═══ Data shown

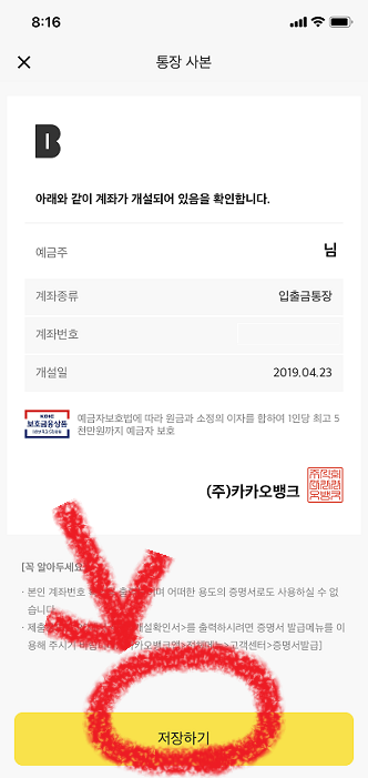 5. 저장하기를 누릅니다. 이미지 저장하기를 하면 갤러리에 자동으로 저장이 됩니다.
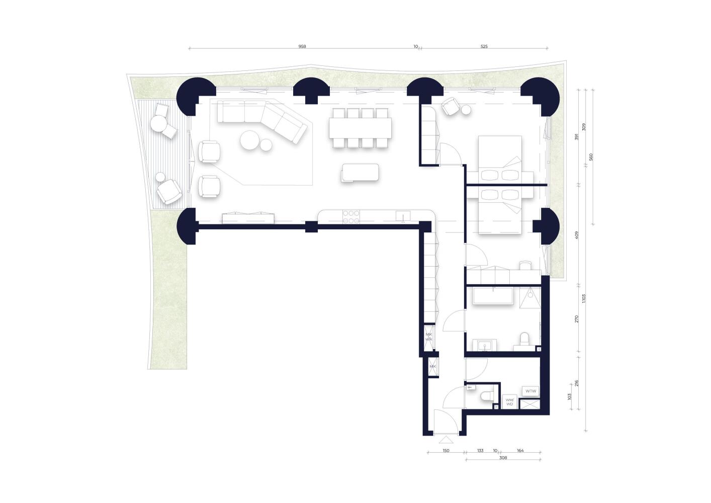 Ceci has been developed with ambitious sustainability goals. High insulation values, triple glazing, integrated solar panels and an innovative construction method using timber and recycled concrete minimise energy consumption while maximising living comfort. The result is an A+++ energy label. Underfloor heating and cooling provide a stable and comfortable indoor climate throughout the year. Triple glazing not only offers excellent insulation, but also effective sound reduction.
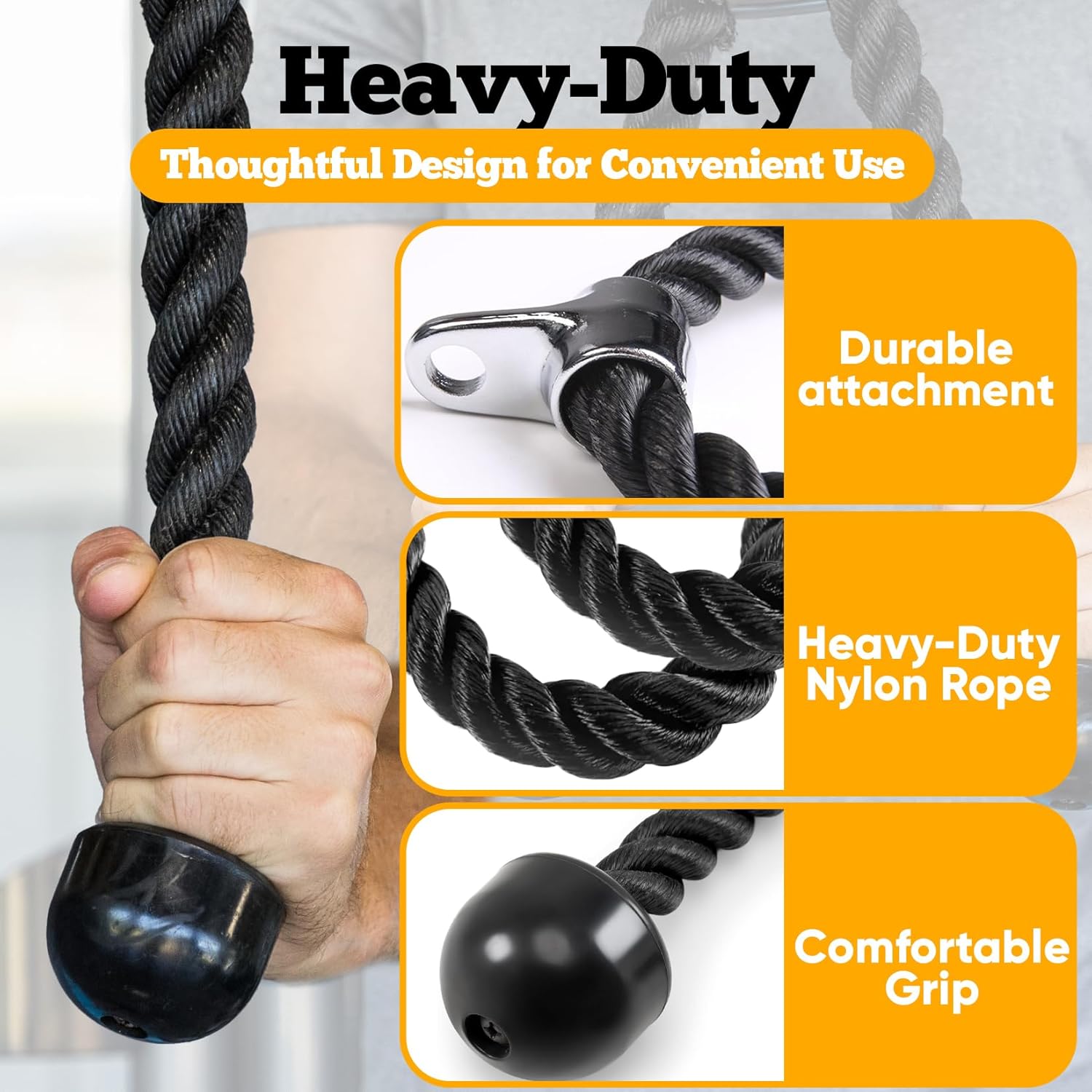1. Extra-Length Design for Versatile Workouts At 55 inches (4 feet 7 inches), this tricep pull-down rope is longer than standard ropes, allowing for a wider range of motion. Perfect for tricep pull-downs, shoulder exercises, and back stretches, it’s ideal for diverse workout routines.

══════

Work order: Copy every line of the data word for word, omitting the images.

Result of this task:
 5. 저장하기를 누릅니다. 이미지 저장하기를 하면 갤러리에 자동으로 저장이 됩니다.
 Ceci has been developed with ambitious sustainability goals. High insulation values, triple glazing, integrated solar panels and an innovative construction method using timber and recycled concrete minimise energy consumption while maximising living comfort. The result is an A+++ energy label. Underfloor heating and cooling provide a stable and comfortable indoor climate throughout the year. Triple glazing not only offers excellent insulation, but also effective sound reduction.
1. Extra-Length Design for Versatile Workouts At 55 inches (4 feet 7 inches), this tricep pull-down rope is longer than standard ropes, allowing for a wider range of motion. Perfect for tricep pull-downs, shoulder exercises, and back stretches, it’s ideal for diverse workout routines.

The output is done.